[Start of Attachment]

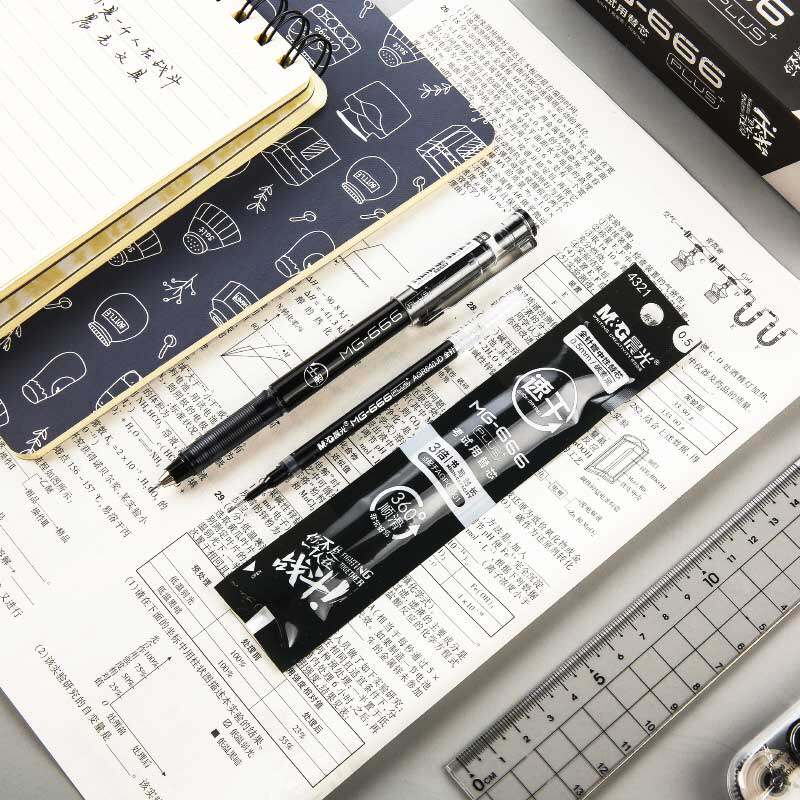Morning light mg666 large capacity neutral pen core 0 5 black students use the test pen pen carbon pen large capacity speed dry business signature pen core 4196 female teacher red pen core
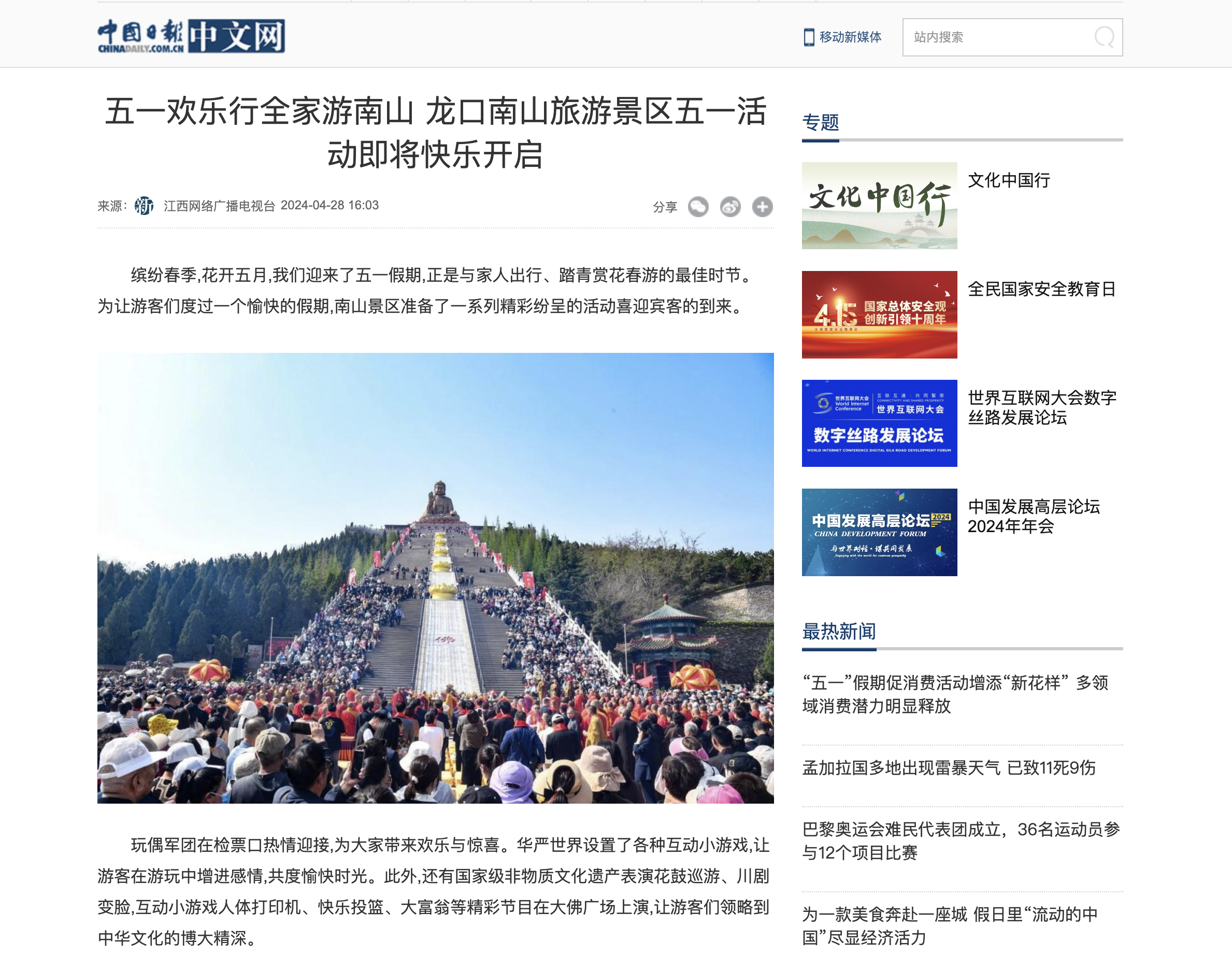 中國日報:龍口南山旅游景區(qū)五一活動即將快樂開啟
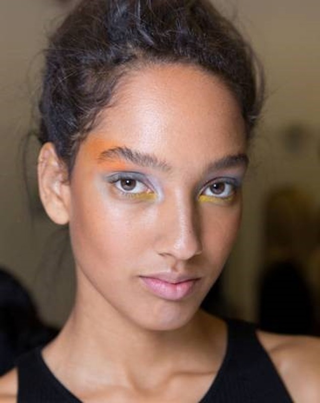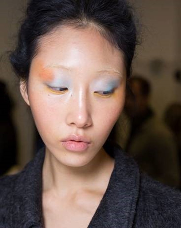 Powder white, periwinkle blue, copper, yellow and ochre were dominant, creating a pastel abstract collage on the eyes
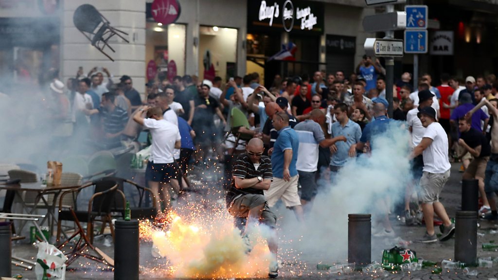 This week Owen Bennett Jones and his guests on Newshour Extra explore the reasons behind the shocking level of fan violence at the Euro 2016 football championships in France. English and Russian supporters clashed both on the streets and inside the stadium, there were serious injuries, and tear gas was used by the police the break up the riots. We ask what motivates groups of young men to participate in group acts of violence, and to what extent they are organised by political groupings intent on fomenting unrest and confrontation with the police. (Photo: a tear gas canister explodes as England fans clash with police in Marseille. Credit: Getty Images)
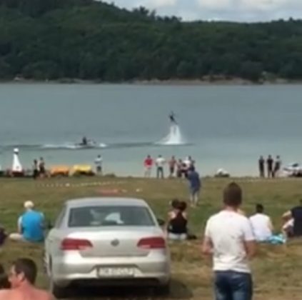 În timp ce cerul era brăzdat de avioanele iscusiţilor piloţi, apa era crestată de aventurierii cu ski jet-uri. Acrobaţiile nu au lipsit nici în aer nici pe apă.
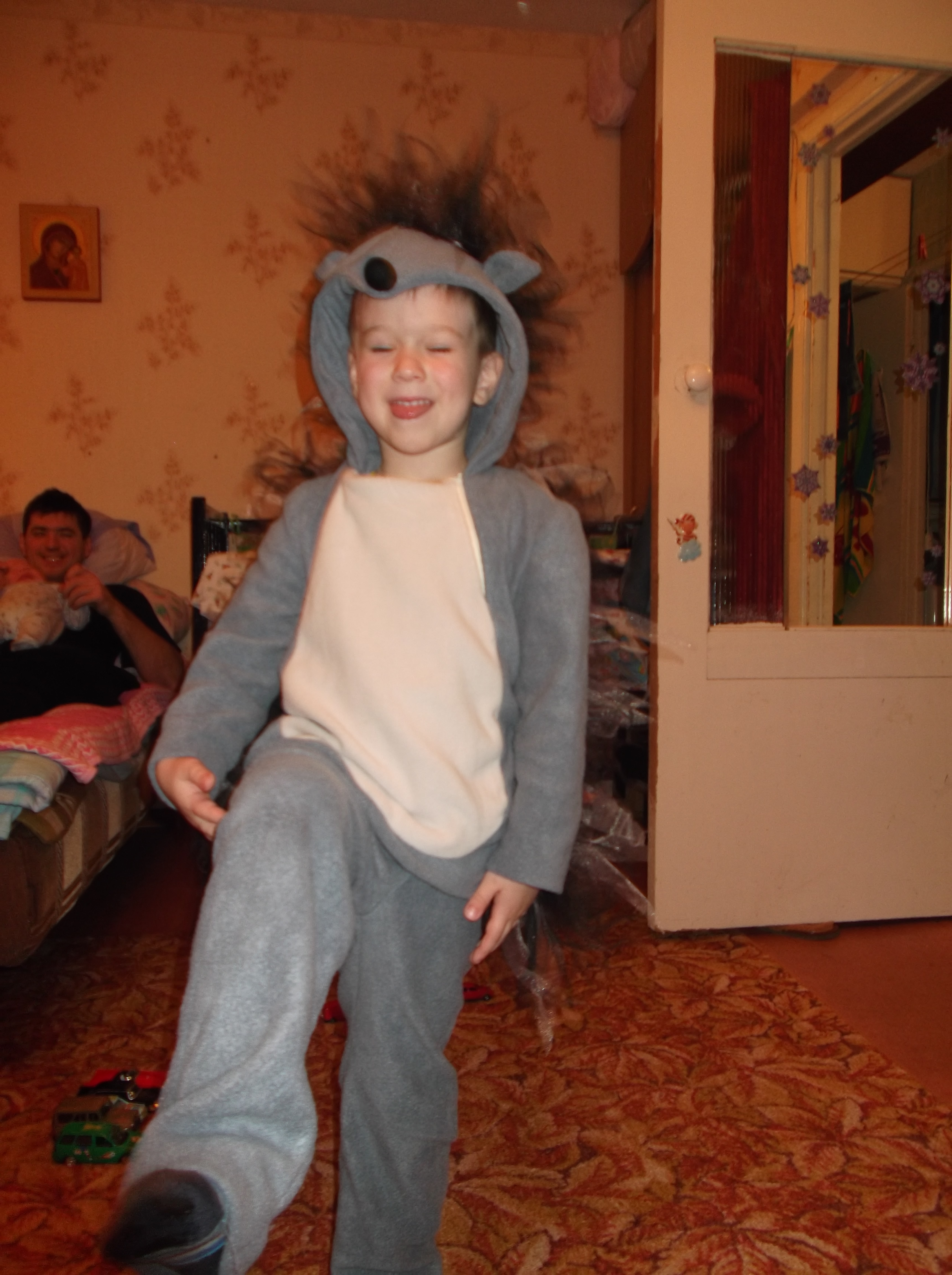 [img]/media/forum/737483306.JPG[/img]На утреннике в садике детки должны быть в костюмах зверят. Я Лёше сделала костюм ёжика:

[End of Attachment]

Task to carry out
Set the lines above down again, word for word, from the first through the one containing "În timp ce cerul"; pictures excluded.

Reply to the task
Morning light mg666 large capacity neutral pen core 0 5 black students use the test pen pen carbon pen large capacity speed dry business signature pen core 4196 female teacher red pen core
 中國日報:龍口南山旅游景區(qū)五一活動即將快樂開啟
 Powder white, periwinkle blue, copper, yellow and ochre were dominant, creating a pastel abstract collage on the eyes
 This week Owen Bennett Jones and his guests on Newshour Extra explore the reasons behind the shocking level of fan violence at the Euro 2016 football championships in France. English and Russian supporters clashed both on the streets and inside the stadium, there were serious injuries, and tear gas was used by the police the break up the riots. We ask what motivates groups of young men to participate in group acts of violence, and to what extent they are organised by political groupings intent on fomenting unrest and confrontation with the police. (Photo: a tear gas canister explodes as England fans clash with police in Marseille. Credit: Getty Images)
 În timp ce cerul era brăzdat de avioanele iscusiţilor piloţi, apa era crestată de aventurierii cu ski jet-uri. Acrobaţiile nu au lipsit nici în aer nici pe apă.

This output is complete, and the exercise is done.